On Thu, May 30, 2024 at 11:13:48PM -0700, Eric Biggers wrote:
> On Fri, May 31, 2024 at 12:50:20PM +0800, Herbert Xu wrote:
> > Eric Biggers <ebiggers at kernel.org> wrote:
> > >
> > > +               if (multibuffer) {
> > > +                       if (ctx->pending_data) {
> > > +                               /* Hash and verify two data blocks. */
> > > +                               err = fsverity_hash_2_blocks(params,
> > > +                                                            inode,
> > > +                                                            ctx->pending_data,
> > > +                                                            data,
> > > +                                                            ctx->hash1,
> > > +                                                            ctx->hash2);
> > > +                               kunmap_local(data);
> > > +                               kunmap_local(ctx->pending_data);
> > > +                               ctx->pending_data = NULL;
> > > +                               if (err != 0 ||
> > > +                                   !verify_data_block(inode, vi, ctx->hash1,
> > > +                                                      ctx->pending_pos,
> > > +                                                      ctx->max_ra_pages) ||
> > > +                                   !verify_data_block(inode, vi, ctx->hash2,
> > > +                                                      pos, ctx->max_ra_pages))
> > > +                                       return false;
> > > +                       } else {
> > > +                               /* Wait and see if there's another block. */
> > > +                               ctx->pending_data = data;
> > > +                               ctx->pending_pos = pos;
> > > +                       }
> > > +               } else {
> > > +                       /* Hash and verify one data block. */
> > > +                       err = fsverity_hash_block(params, inode, data,
> > > +                                                 ctx->hash1);
> > > +                       kunmap_local(data);
> > > +                       if (err != 0 ||
> > > +                           !verify_data_block(inode, vi, ctx->hash1,
> > > +                                              pos, ctx->max_ra_pages))
> > > +                               return false;
> > > +               }
> > > +               pos += block_size;
> > 
> > I think this complexity is gross.  Look at how we did GSO in
> > networking.  There should be a unified code-path for aggregated
> > data and simple data, not an aggregated path versus a simple path.
> > 
> > I think ultimately it stems from the fact that this code went from
> > ahash to shash.  What were the issues back then?
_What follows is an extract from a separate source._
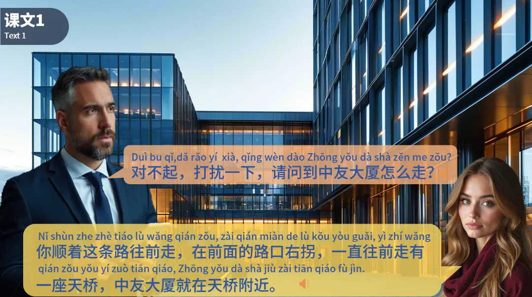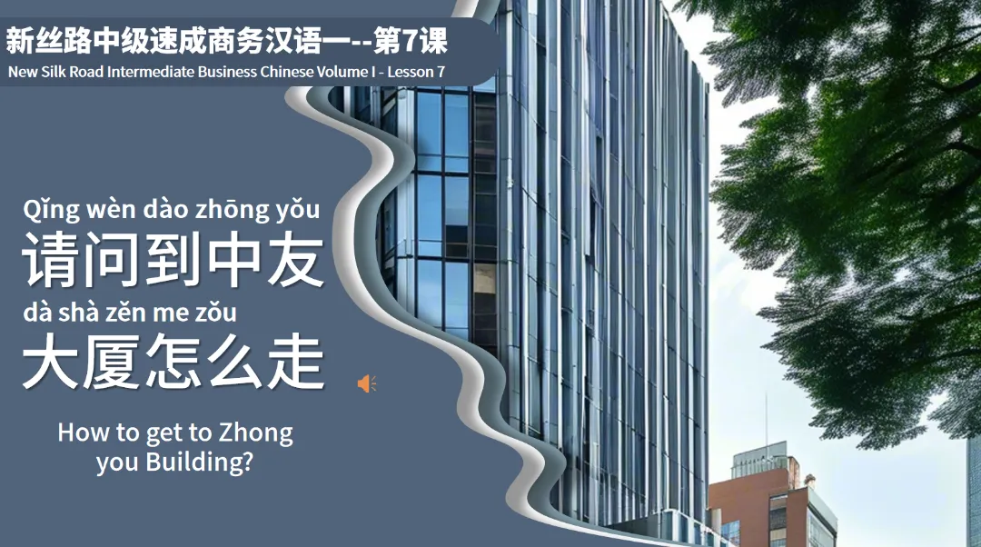 今天,我们为大家推荐新丝路商务汉语中级课件中的一课——“请问到中友大厦怎么走”。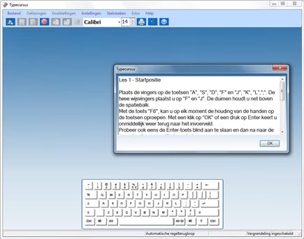 Vlak na de installatie van het programma krijgt u een niveautest voorgeschoteld. Nadat u enkele zinnen zo snel mogelijk - en liefst foutloos - hebt overgetypt, bepaalt Typecursus op uw PC uw typeniveau. Gelukkig is dit slechts een advies en kunt u later nog zelf aangeven met welk niveau u van start wenst te gaan. Beginners kunnen aan de hand van de verschillende lessen en oefeningen echt blind leren typen terwijl gevorderden hun typesnelheid kunnen opkrikken of het aantal fouten kunnen verlagen. U kunt kiezen om bepaalde toetsen te oefenen (fffjjj-oefeningen) of standaardteksten over te typen (van gedichten en brieven tot artikels in vreemde talen). Tijdens onze test ging het met de dictees wel eens fout. Het geluid haperde soms en vaak moesten we eindeloos wachten op een nieuwe zin. Helaas zat deze bug ook al in de vorige versie van dit programma.

If it's just vmalloc
> > we should fix ahash to support that, rather than making users of the
> > Crypto API go through contortions like this.
> 
> It can't be asynchronous, period.  As I've explained, that would be far too
> complex, and it would also defeat the purpose because it would make performance
> worse.  Messages *must* be queued up and hashed in the caller's context.
> 
> What could make sense would be some helper functions and an associated struct
> for queueing up messages for a particular crypto_shash, up to its mb_max_msgs
> value, and then flushing them and retrieving the digests.  These would be
> provided by the crypto API.
> 
> I think this would address your concern, in that the users (fsverity and
> dm-verity) would have a unified code path for multiple vs. single blocks.
> 
> I didn't think it would be worthwhile to go there yet, given that fsverity and
> dm-verity just want 2x or 1x, and it ends up being simpler and more efficient to
> handle those cases directly.  But we could go with the more general queueing
> helper functions instead if you feel they should be included from the start.
> 

Looking at it again a bit more closely, both fsverity and dm-verity have
per-block information that they need to keep track of in the queue in addition
to the data buffers and hashes: the block number, and in dm-verity's case also a
bvec_iter pointing to that block.

So I think it really does make sense to have them both handle the queueing
themselves, and not have it split between them and some crypto API helper
functions (i.e. two queues that mirror each other).

It would be possible, though, to organize the code in dm-verity and fsverity to
represent the queue as an array and operate on it as such.  That would also
address your concern about the two code paths.  Again, things would end up being
a bit less efficient than my more optimized code that handles 1x and 2x (which
is all that's actually needed for now) specifically, but it would work, I think.

- Eric